Prior to his comment, Afenyo-Markin had stated that the 2026 budget statement presented to Parliament by the Finance Minister, Dr Cassiel Ato Forson, was full of lamentations and even described the document as ‘Part II of the lamentations’.

Speaking in parliament after the budget presentation on Thursday, November 13, Afenyo-Markin said, “After several months on the job, he came to repeat the same lamentations, part II of the lamentations.”

He added, “The minister has failed to consider the work of parliament; he provides a paltry sum to parliament when parliament is the only body that does oversight. Parliament is an important organ of the state. When the Minister himself is a member of parliament and fails to recognise parliament and its work, look at the ministers and their faces. In 2025, he should tell us the releases he gave them. When he was mentioning the figures, the ministers were looking as if this was the first time they were seeing the figures. Was there any consultation?”

Afenyo-Markin also said that the 2026 budget statement failed to account for other critical issues as well.

For instance, he said, the budget failed to account for the GHS 20,000 that the Director of Operations at the Presidency, Mustapha Gbande, said President John Dramani Mahama sends to each constituency to support the National Democratic Congress (NDC).

“The minister attempted to provide some figures, he gave a tall list of allocations, what he failed to to add that in the 2025 budget that he brought to this house, we had director of operations at the Jubilee House who publicly said every month the presidency gives GHS20, 000 to each constituency, it totalling 66 million, where did they get that money from? Mr Mustapha Gbande, the Deputy General Secretary of the NDC, and Director of Operations at the Presidency, publicly said every month the Presidency gives 20,000 Cedis to each constituency, but the Minister of Finance has not accounted for this. How that is money is given, time will tell.”

The Finance Minister, Dr Cassiel Ato Forson, has announced four macroeconomic policy objectives for the 2026 financial year.

Presenting the 2026 budget and economic policy to Parliament on November 13, he said  the macroeconomic policy objectives for 2026 and the medium-term are clear and focused,

Dr Forson listed the objectives as follows:
• preserve macroeconomic stability;
• sustain debt sustainability;
• sustain growth; and
• deliver prosperity that every Ghanaian can feel part of.

He noted that, “Our reform agenda charts a bold path toward resilience, competitiveness and opportunity. It is about transforming the current stability into long-term prosperity. Resetting for Growth, Jobs, and Economic Transformation 2026 Budget.”

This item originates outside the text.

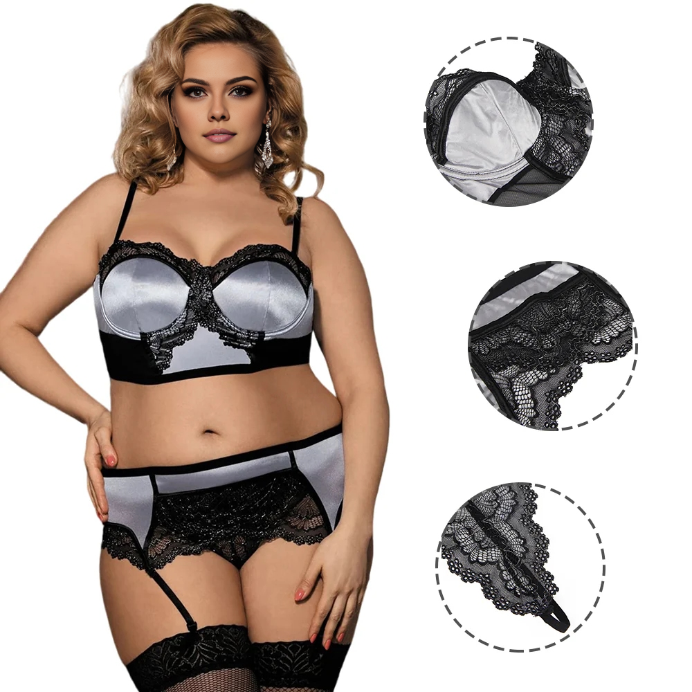 Women Plus Size Satin Underwire Cup Lace Bra Set.No womenswear is complete without underwear. It not only boosts their confidence but also enhances their beauty. the well-known lingerie brand, has launched its latest craze bra set. Combining comfort and elegance, this bra set is a must-have in every woman's wardrobe.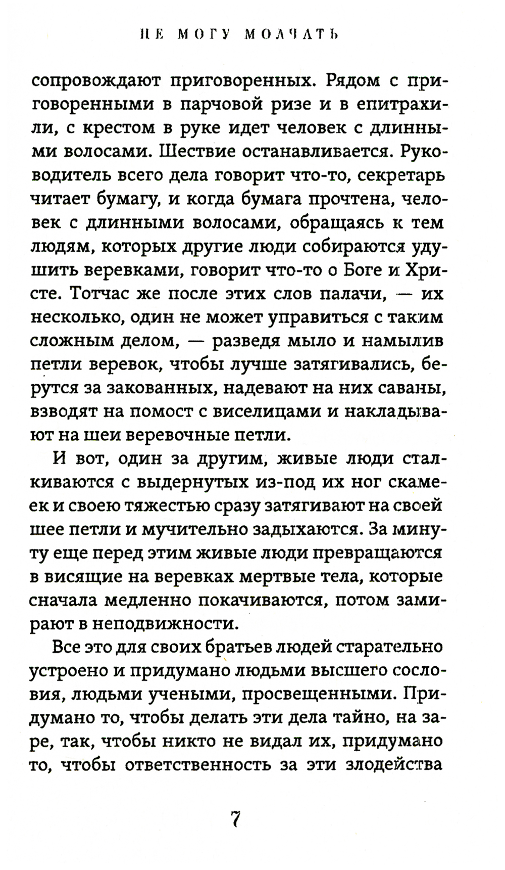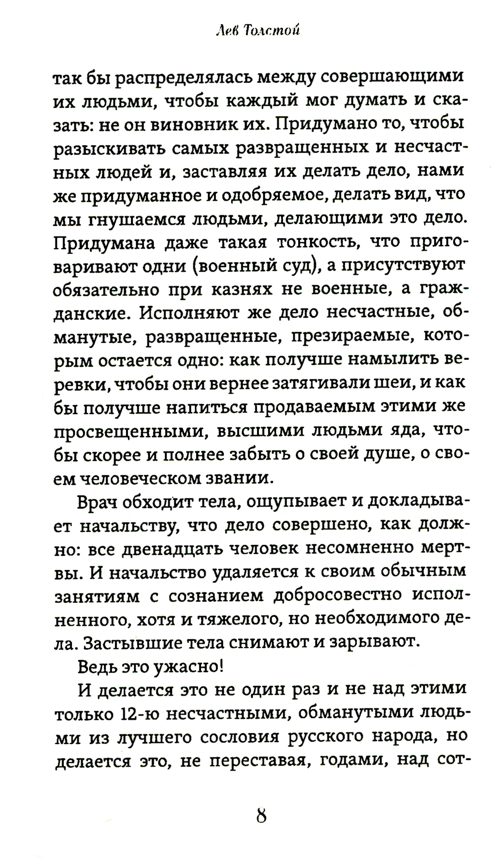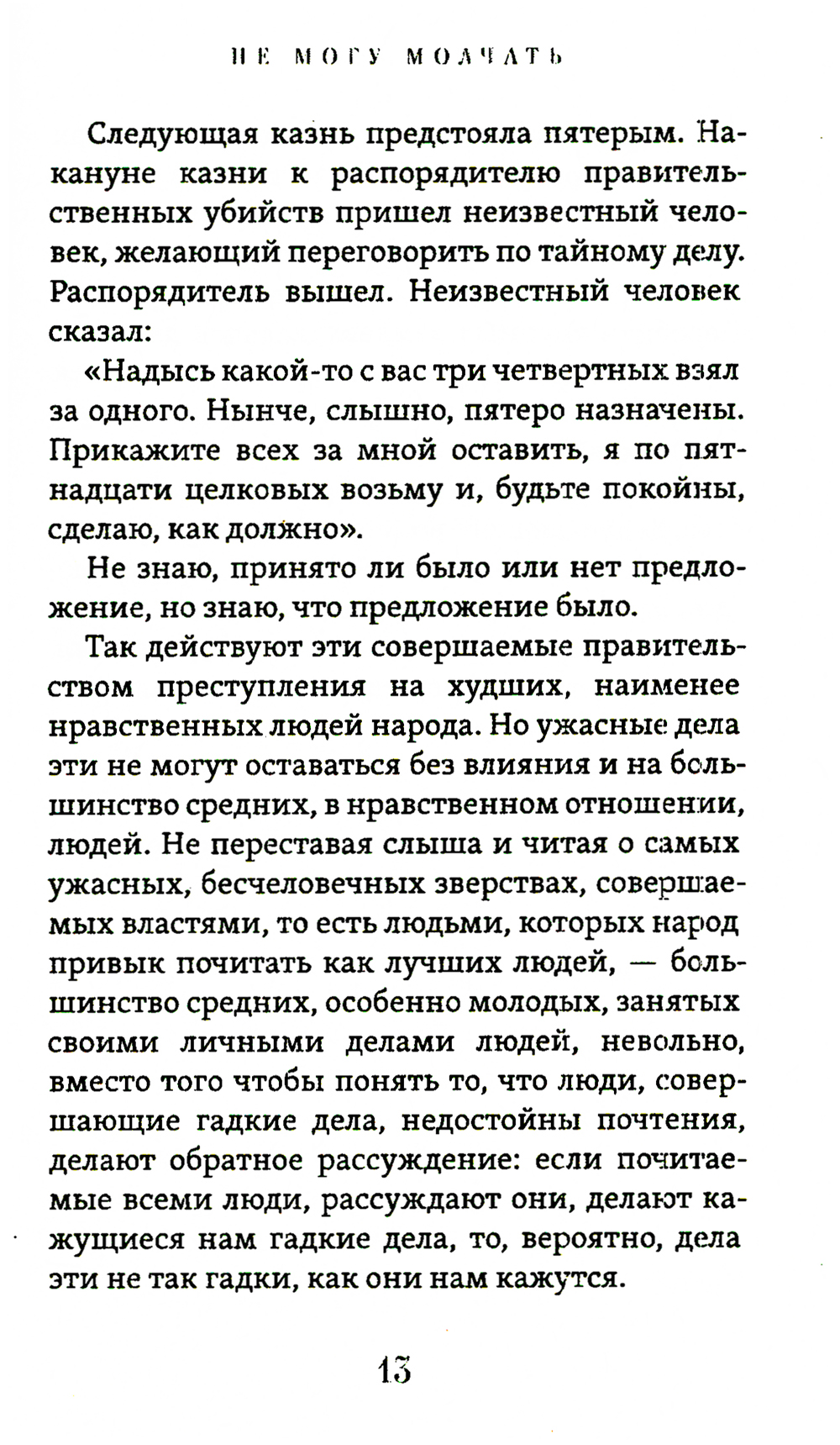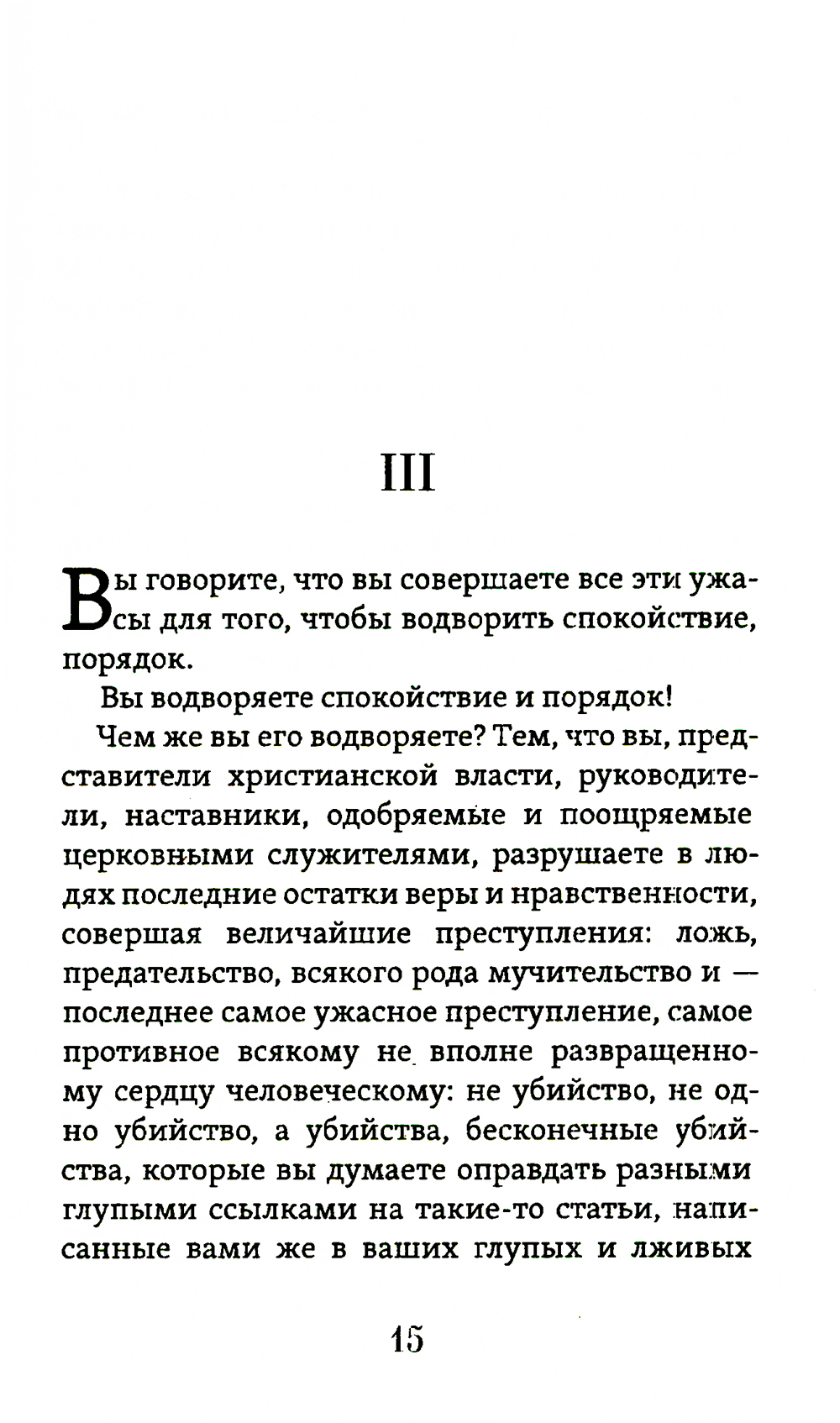 В настоящий сборник включены две статьи, написанные Л.Н. Толстым в 1908 году: 1) «Не могу молчать»; 2) «Закон ненависти и закон любви», а также небольшой рассказ А.П. Гилярова «Таинственное явление во сне Льва Николаевича Толстого железнодорожному сторожу ст. Астапово». Под впечатлением от массовых репрессий в отношении крестьян великий русский писатель и мыслитель обратился к теме насилия со стороны государства и справедливого общественного мироустройства. Критикуя официальную позицию Русской Православной церкви, Л.Н. Толстой обращается к истокам христианства, к тексту Евангелий, убедительно доказывая пагубность нарушения основных этических и религиозных норм со стороны власть предержащих в целях водворения иллюзорного «общественного спокойствия». Глубокие мысли Л.Н. Толстого, изложенные в данном сборнике, имеют непреходящую ценность. Они актуальны и в наши дни.

To achieve these objectives, the Finance Minister stated that Government will focus on five key macroeconomic
objectives:
• we will sustain fiscal discipline and debt sustainability by implementing prudent debt management strategy, improving revenue mobilisation, and
keeping spending efficient and targeted;
• we will build and sustain a resilient and inclusive economy with growth powered by productivity, innovation, and private sector enterprise and
create decent jobs especially for our youth;
• We will deepen structural reforms to modernise the economy, boost productivity, attract private investment, and make growth more broad-based and inclusive;
• we will strengthen social protection so that the most vulnerable, particularly women, children and the poor are shielded from hardship and benefit from Ghana’s recovery; and
• We will maintain a flexible exchange rate regime and prudent monetary policy to preserve price stability, protect savings and support investment.

“Mr. Speaker, these priorities reflect our conviction that stability is only meaningful when it improves lives. Together, these policies reflect one simple truth, that macroeconomic stability is not an end in itself, but the foundation for a fairer, stronger and more resilient Ghana where every citizen has a real chance to succeed,” he noted.